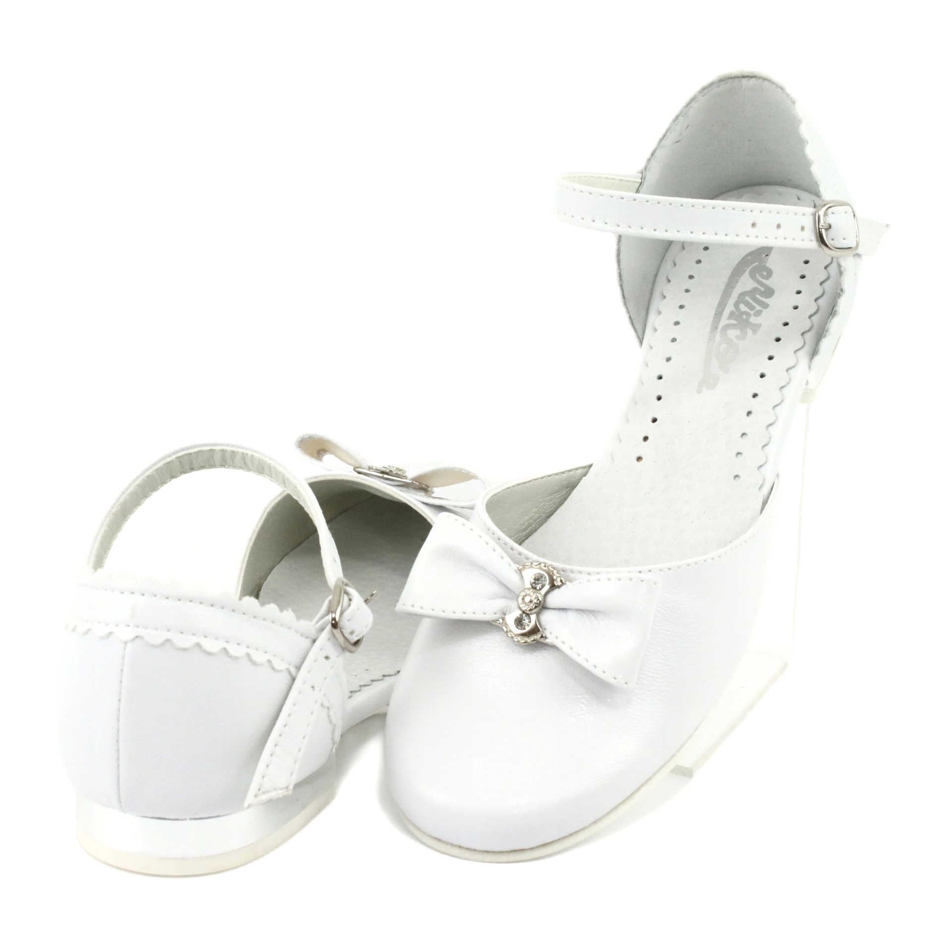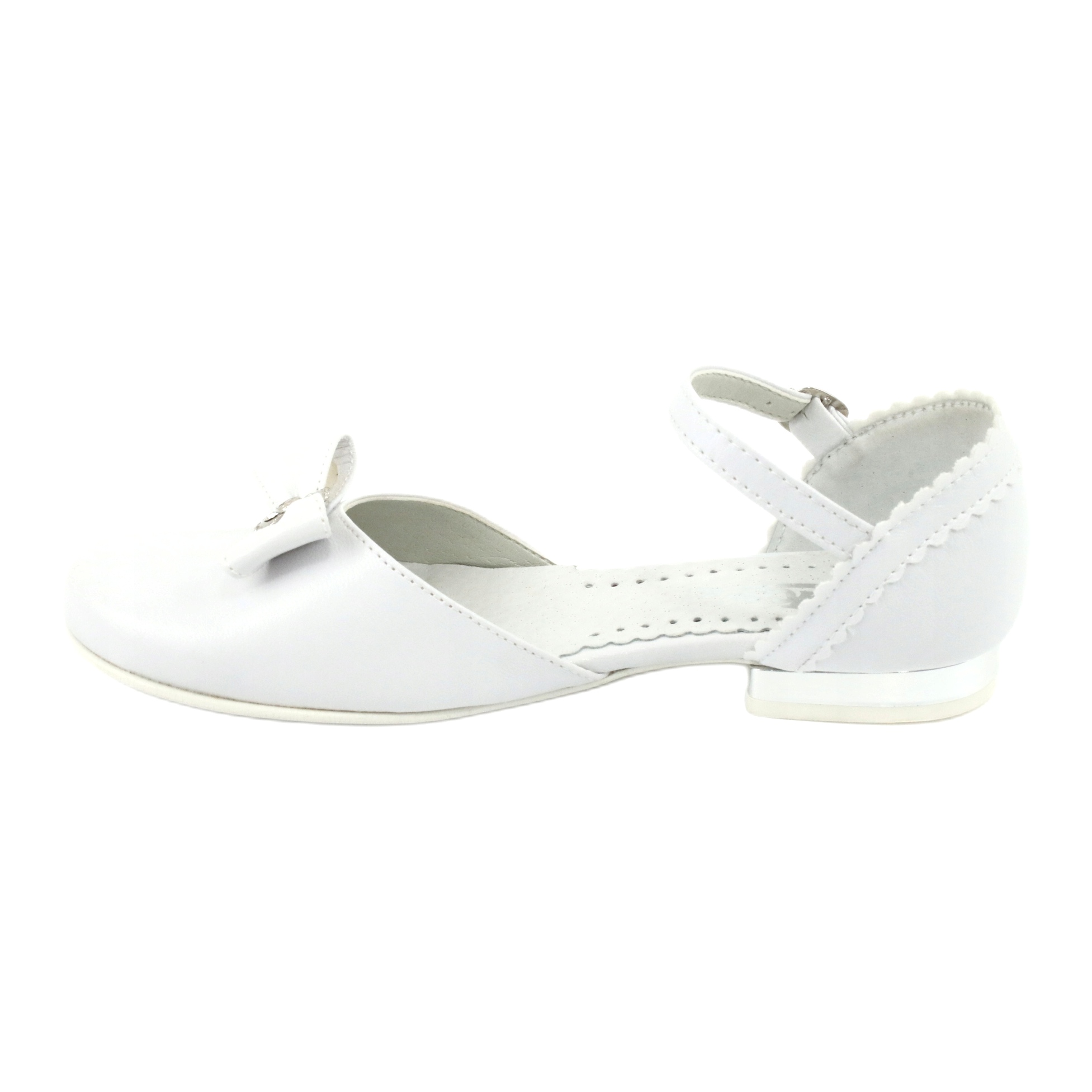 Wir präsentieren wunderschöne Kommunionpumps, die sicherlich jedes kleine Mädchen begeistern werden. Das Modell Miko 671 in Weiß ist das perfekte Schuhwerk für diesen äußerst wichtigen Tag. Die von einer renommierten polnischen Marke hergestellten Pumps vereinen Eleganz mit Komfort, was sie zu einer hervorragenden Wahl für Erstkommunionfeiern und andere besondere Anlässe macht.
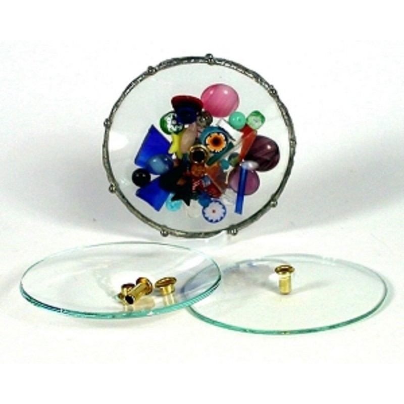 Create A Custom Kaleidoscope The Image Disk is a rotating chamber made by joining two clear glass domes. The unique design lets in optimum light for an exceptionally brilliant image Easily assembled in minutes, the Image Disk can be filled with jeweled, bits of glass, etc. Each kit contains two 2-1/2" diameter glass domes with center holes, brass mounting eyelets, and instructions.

* * *

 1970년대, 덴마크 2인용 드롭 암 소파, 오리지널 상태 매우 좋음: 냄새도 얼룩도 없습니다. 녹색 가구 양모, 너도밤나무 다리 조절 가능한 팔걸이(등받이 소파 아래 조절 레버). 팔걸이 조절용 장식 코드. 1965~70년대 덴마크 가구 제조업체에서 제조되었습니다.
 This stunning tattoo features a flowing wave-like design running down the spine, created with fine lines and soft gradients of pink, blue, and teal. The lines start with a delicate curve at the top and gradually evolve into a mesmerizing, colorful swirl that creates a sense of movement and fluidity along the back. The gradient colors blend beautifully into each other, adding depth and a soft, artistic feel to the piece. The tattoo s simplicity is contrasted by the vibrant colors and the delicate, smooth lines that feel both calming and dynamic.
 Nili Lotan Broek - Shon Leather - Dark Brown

* * *

Brief →
As listed above, the lines from the line with "This stunning tattoo" to the line with "Nili Lotan Broek - Shon Leather - Dark Brown" are to be echoed exactly, with both ends included and nothing added.

Answer to the exercise →
 This stunning tattoo features a flowing wave-like design running down the spine, created with fine lines and soft gradients of pink, blue, and teal. The lines start with a delicate curve at the top and gradually evolve into a mesmerizing, colorful swirl that creates a sense of movement and fluidity along the back. The gradient colors blend beautifully into each other, adding depth and a soft, artistic feel to the piece. The tattoo s simplicity is contrasted by the vibrant colors and the delicate, smooth lines that feel both calming and dynamic.
 Nili Lotan Broek - Shon Leather - Dark Brown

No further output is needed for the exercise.